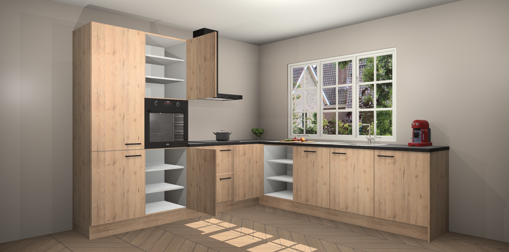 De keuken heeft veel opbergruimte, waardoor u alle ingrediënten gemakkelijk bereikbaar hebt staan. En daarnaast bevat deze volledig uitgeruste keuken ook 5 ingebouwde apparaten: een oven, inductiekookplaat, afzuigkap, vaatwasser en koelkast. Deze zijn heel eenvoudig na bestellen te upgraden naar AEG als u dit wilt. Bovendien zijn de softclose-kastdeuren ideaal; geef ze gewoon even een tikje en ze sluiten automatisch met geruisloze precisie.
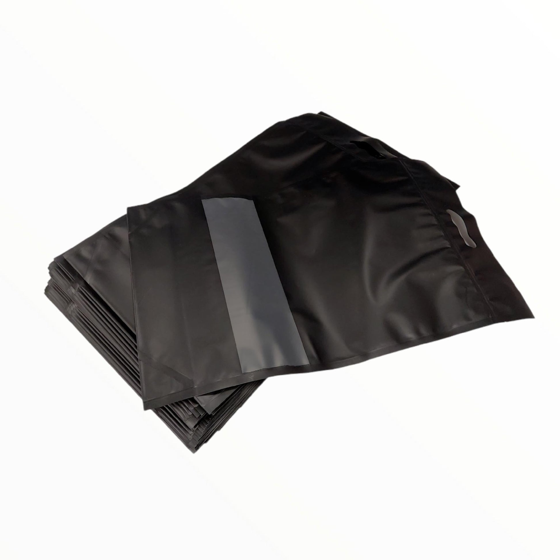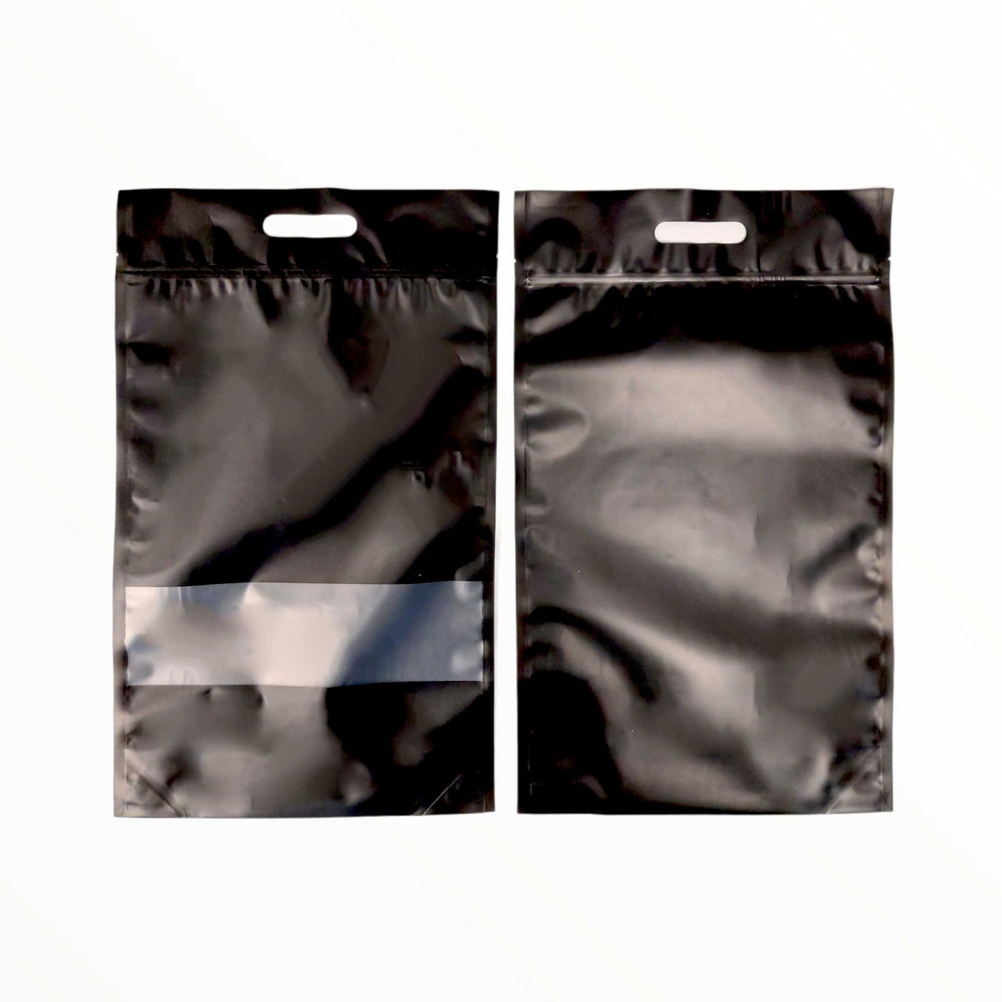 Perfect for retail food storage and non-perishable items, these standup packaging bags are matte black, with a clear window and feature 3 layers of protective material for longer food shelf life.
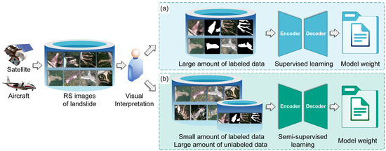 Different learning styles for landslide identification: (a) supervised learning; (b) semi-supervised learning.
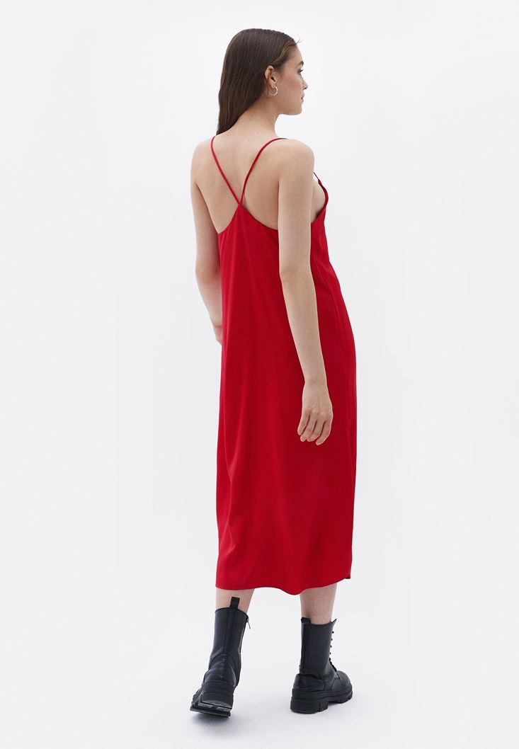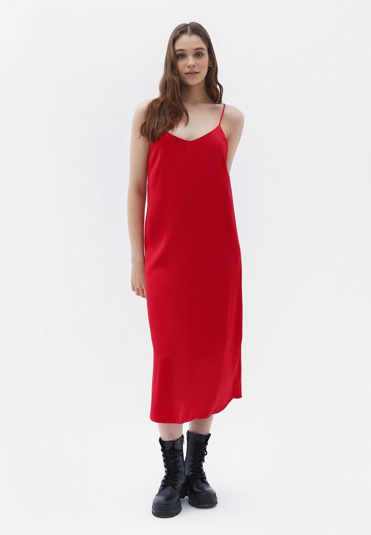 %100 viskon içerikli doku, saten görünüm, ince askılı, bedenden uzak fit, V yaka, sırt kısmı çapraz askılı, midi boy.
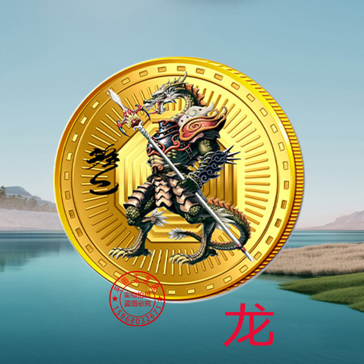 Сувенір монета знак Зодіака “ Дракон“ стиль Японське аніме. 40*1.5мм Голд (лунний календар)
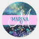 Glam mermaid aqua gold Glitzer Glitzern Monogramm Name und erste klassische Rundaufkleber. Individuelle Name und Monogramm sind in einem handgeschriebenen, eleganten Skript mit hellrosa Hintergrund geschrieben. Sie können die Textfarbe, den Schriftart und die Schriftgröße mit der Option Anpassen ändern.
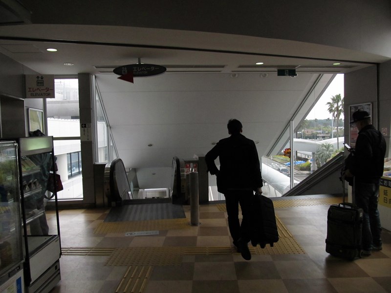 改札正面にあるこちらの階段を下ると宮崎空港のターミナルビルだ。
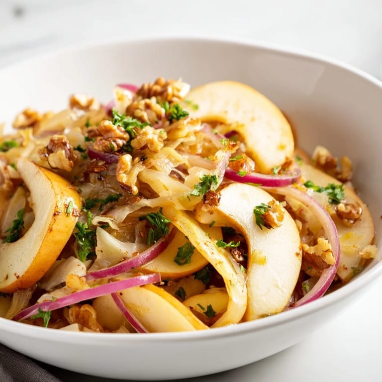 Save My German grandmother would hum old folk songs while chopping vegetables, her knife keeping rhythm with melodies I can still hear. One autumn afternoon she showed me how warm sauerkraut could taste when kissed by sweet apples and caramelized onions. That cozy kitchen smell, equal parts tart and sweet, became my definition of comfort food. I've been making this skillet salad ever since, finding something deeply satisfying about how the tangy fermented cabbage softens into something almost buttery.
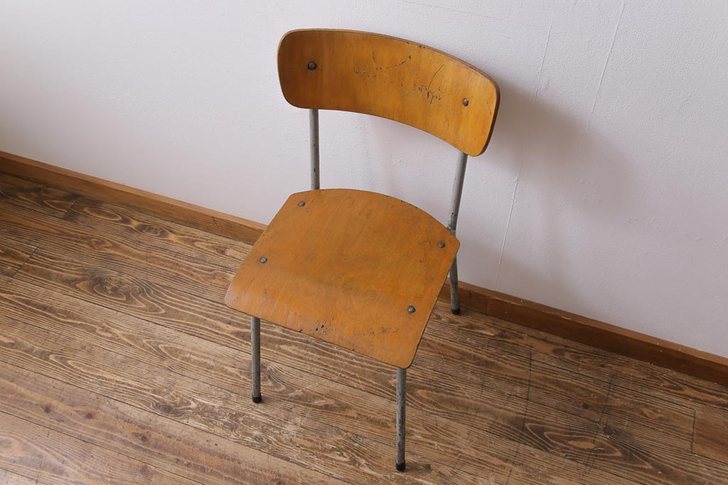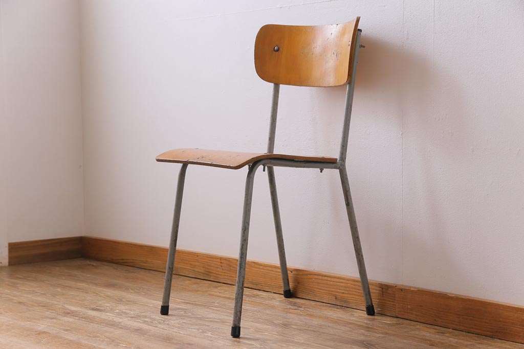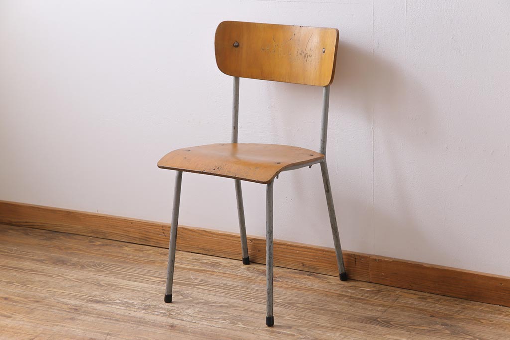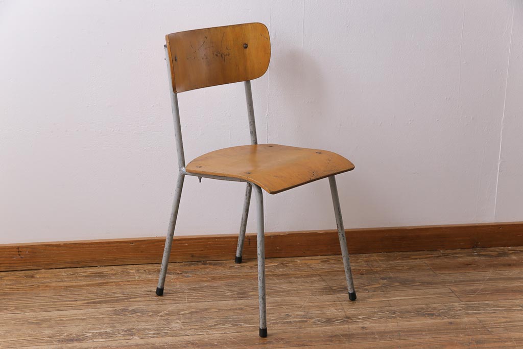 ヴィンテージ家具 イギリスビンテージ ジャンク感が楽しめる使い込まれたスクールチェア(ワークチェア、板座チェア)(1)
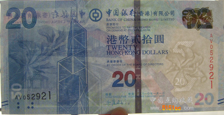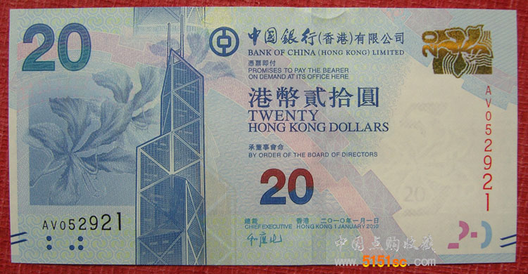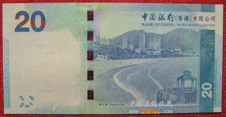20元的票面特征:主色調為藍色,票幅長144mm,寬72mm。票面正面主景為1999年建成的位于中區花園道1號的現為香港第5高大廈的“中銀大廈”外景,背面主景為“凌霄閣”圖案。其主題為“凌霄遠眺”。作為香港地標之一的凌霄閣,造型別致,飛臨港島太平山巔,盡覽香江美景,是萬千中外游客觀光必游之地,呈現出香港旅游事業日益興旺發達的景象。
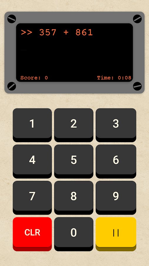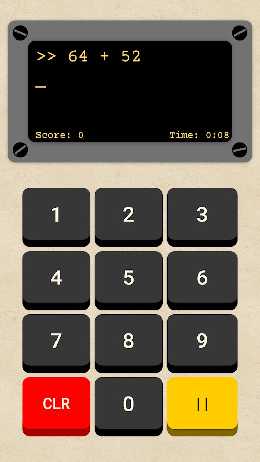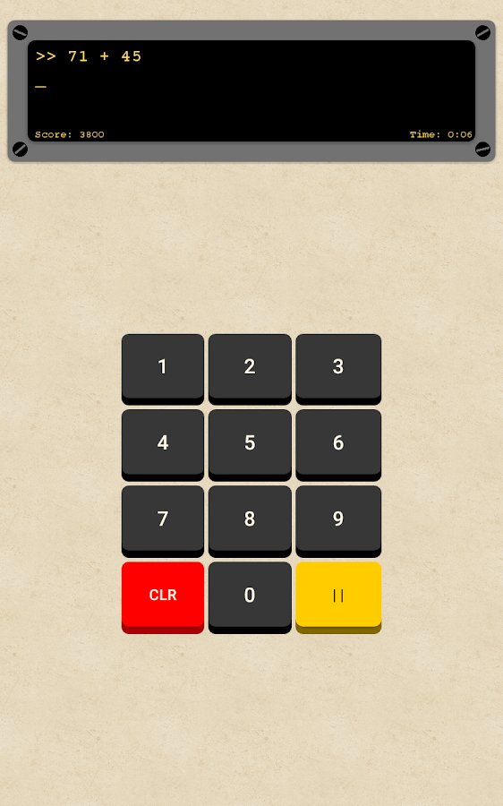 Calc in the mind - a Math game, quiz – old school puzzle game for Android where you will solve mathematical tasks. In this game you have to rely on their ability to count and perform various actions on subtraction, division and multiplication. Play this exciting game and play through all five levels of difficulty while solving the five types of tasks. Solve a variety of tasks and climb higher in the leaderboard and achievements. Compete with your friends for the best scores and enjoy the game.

================

• Task brief:
Your answer must be everything above from the line with "Save My German" down to the line with "ヴィンテージ家具 イギリスビンテージ ジャンク感が楽しめる使い込まれたスクールチェア(ワークチェア、板座チェア)(1)", word for word, and no pictures.

• Exercise response:
 Save My German grandmother would hum old folk songs while chopping vegetables, her knife keeping rhythm with melodies I can still hear. One autumn afternoon she showed me how warm sauerkraut could taste when kissed by sweet apples and caramelized onions. That cozy kitchen smell, equal parts tart and sweet, became my definition of comfort food. I've been making this skillet salad ever since, finding something deeply satisfying about how the tangy fermented cabbage softens into something almost buttery.
 ヴィンテージ家具 イギリスビンテージ ジャンク感が楽しめる使い込まれたスクールチェア(ワークチェア、板座チェア)(1)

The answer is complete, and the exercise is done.